In this case, we have a performance improvement ratio ofx12
between pure Python and Cython/Rust native extension.
We can check the cost of the Cython/Rust overhead.
$ cd mybench
$ python bench/bench.py --nb_runs 1000000 --num 1
By testing the special case "1
”, we have only one test executed in our is_prime
function. In this case, the cost of our computation is mainly the cost of calling the is_prime
function: we observe the call overhead of Cython and Rust versus pure Python.
> Running 1000000 primality tests on 1, result 'False' with 1 tests
> Bench Rust/PyO3 0.166 False
> Bench Cython 0.113 False
> Bench Python 0.134 False
We can see that with Cython, we don’t have a measurable overhead for this specific case. With Py03, a very small overhead appears.
We will now try a more general case. First, we will test all the prime numbers below a specified threshold and register their performance.
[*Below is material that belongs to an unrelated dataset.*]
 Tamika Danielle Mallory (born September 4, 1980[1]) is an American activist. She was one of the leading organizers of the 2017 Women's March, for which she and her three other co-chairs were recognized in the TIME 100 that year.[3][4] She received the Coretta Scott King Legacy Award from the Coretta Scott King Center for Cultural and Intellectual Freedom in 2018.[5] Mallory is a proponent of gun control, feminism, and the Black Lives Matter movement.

We can then plot the performance improvements for several run settings.
$ cd mybench
$ python bench/bench.py --nb_runs 1000000 --num 100000 --output_serie runs.csv
This run generates an output file “runs.csv
” with the following format.
num,nb_runs,result,nb_tests,tm_rust,tm_cython,tm_python
2,1000000,True,0,0.1748378580014105,0.17820978199961246,0.3463963739995961
547,1000000,True,22,0.23610526800075604,0.24908054699881177,1.2034144149984058
1229,1000000,True,34,0.2719646179994015,0.2854190660000313,1.6644533799990313
1993,1000000,True,43,0.29658469800051535,0.3141682330006006,1.961818502000824
2749,1000000,True,51,0.32396009900003264,0.33482105799885176,2.2520081020011276
3581,1000000,True,58,0.3524247669993201,0.35497432999909506,2.4976866420001897
4421,1000000,True,65,0.37128741100059415,0.37557477799964545,2.7788527150005393
5281,1000000,True,71,0.3890202149996185,0.394951800999479,3.0130012549998355
6143,1000000,True,77,0.4090290809999715,0.41361685099946044,3.184734868000305
First, a plot of our run trace. On the x-axis is the number of tests (complexity of the run). On the y-axis is the average run time of the three implementations.
import pandas as pd
df = pd.read_csv("mybench/runs.csv")
sdf = df[["nb_tests", "tm_rust", "tm_python", "tm_cython"]]
sdf.plot(x="nb_tests", kind="line")
Without surprise, we can see that the average run time scale linearly with increasing complexity on the three implementations. The pure Python implementation run-time increase with a steeper slope than native implementations. Cython and Rust/PyO3 performances are comparables.
Second, a plot of the ratio between pure Python runs and native (Rust + Cython averaged) runs.
import pandas as pd
df = pd.read_csv("mybench/runs.csv")
df["tm_native"] = (df["tm_rust"] + df["tm_cython"]) / 2.0
df["ratio"] = df["tm_python"] / df["tm_native"]
sdf = df[["nb_tests", "ratio"]]
sdf.plot(x="nb_tests", y="ratio", kind="scatter")
In this case, we observe that the improvement ratio increase as more compute-heavy code is moved into the native module.
Wrap-up
A simple wrap-up:
- With our test case, the call overhead of Cython and Rust/PyO3 are comparable with a slight advantage for Cython.
- As more computational complexity is moved into the native extension, the performance improvement increase. For example, if you use a native function within a loop, you gain performance by moving the loop code into the extension.
- For simple functions without loops, using a native extension can be overkill.
- This test uses simple data types. If you use more complex data types (for example, lists or arrays), moving these types between Python and the extension comes with a cost. Therefore, it is helpful to implement these types natively and expose them in the Python interpreter. It is the approach used by NumPy [1]: a raw C memory buffer exposed in the Python interpreter.
References
[1] Van Der Walt, S., Colbert, S. C., & Varoquaux, G. (2011). The NumPy array: a structure for efficient numerical computation. Computing in science & engineering, 13(2), 22–30.